At the high risk of sacrilege, allow me to postulate that we do not usually build economies through investment in good elementary and secondary schools.
Instead, good public schools inevitably become the top priority, thus a natural byproduct, of economic boons arising from other factors.
Here are those factors, in descending order of relevance: pure blind luck, personal ingenuity and initiative, politics and higher education.
Devalue education? I fail to see how. I plainly said that the first thing anyone does after a economic boon is invest in better public schools. Wanting the best for your kids is universal. I’m saying you’re better able to provide the best after you’ve become rich by some nonschool development.
Let us consider the four factors:
1. “It’s a lottery out there,” U.S. Rep. Marion Berry told me the other day. He was referring to one of several long-overdue encouraging economic signs for East Arkansas. There’s natural gas in the ground east of Little Rock, south of Newport and north of Brinkley, give or take. Well-educated people elsewhere have figured out how to drill for it, and they are taking all the risks. The vast, flat farmland is becoming dotted with wells. Some of our people stand to get very rich.
It’s good luck that the Japanese automakers have has run out of other places to build trucks and will almost assuredly next choose some of our land nestled against the Mississippi River. That’s because the land happens to sit in mid-America in the shadow of the Memphis population center and at the intersection of cross-country interstate highways.
2. Northwest Arkansas did not become one of the nation’s economic edens because its schools were spectacular. It happened because of the individual ingenuity and initiative of Sam Walton, J.B. Hunt and the Tysons.
Blind luck is a factor as well. Sam Walton could as easily have come from Magnolia or Paragould.
Northwest Arkansas now has some of the best schools in the state. That’s thanks to the boon resulting from individual ingenuity and initiative, and from luck.
3. Personal ingenuity and initiative contributed, as well, to the River Market boon in downtown Little Rock. But it never could have happened without politics and government, and, as always, luck.
Bill Clinton getting elected president helped. He could as easily have moved to Louisiana when his mom went off to learn how to become a nurse anesthetist. That would have put his presidential library in, oh, Baton Rouge.
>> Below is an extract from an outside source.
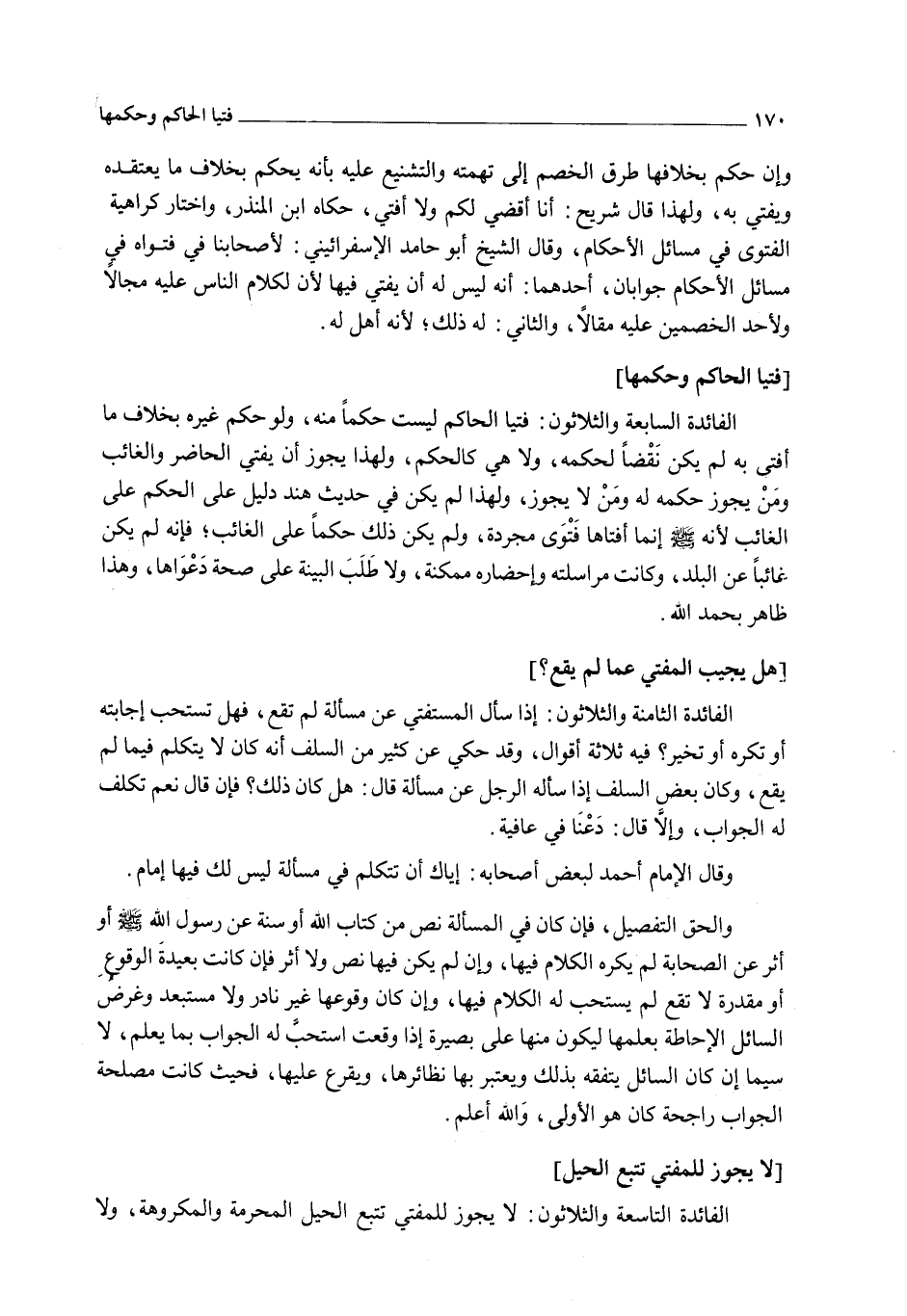 [لَا يَجُوزُ لِلْمُفْتِي تَتَبُّعُ الْحِيَلِ] الْفَائِدَةُ التَّاسِعَةُ وَالثَّلَاثُونَ: لَا يَجُوزُ لِلْمُفْتِي تَتَبُّعُ الْحِيَلِ الْمُحَرَّمَةِ وَالْمَكْرُوهَةِ، وَلَا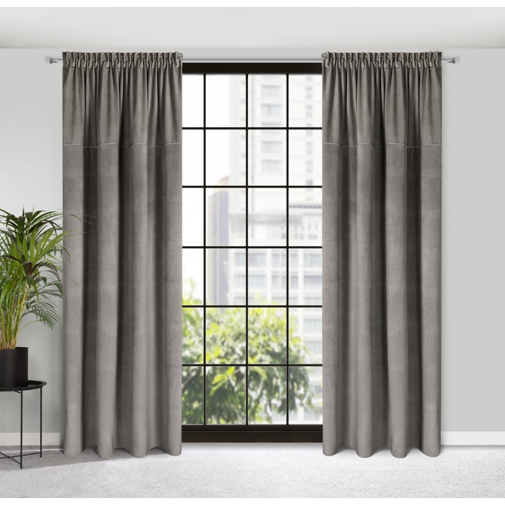 Strukturální sametový závěs, šířka: 140 cm, délka: 300 cm, barva: šedá, hmotnost: 200 GSM, složení: 100% polyester.Doplňkové parametry

What proved essential was politics and government: Little Rock’s city fathers, standing up to sweet offers to Clinton from Georgetown and elsewhere, weathered the storm of criticism and played a shell game to provide the land to put the presidential library at the end of the River Market.
Meantime, another exciting East Arkansas development is the biosciences research facility at Arkansas State University in Jonesboro. That got funded by pure luck — manna from a nationwide tobacco lawsuit settlement that others took the trouble to litigate.
But it also got funded by politics. The state legislature was run at that time by the aforementioned Mike Beebe, then a state senator. He had attended ASU and served on the board. The success of any plan to distribute the money depended on Beebe’s being obliged by cutting in ASU.
4. The best quality of life tends to exist in towns with four-year colleges, for perhaps self-evident reasons. Batesville has Lyon College and is doing better than Newport. Conway and Russellville, with four-year colleges, are doing better than Morrilton about halfway between.
Am I saying it’s better to be lucky than educated? Not at all. I’m saying luck usually comes first.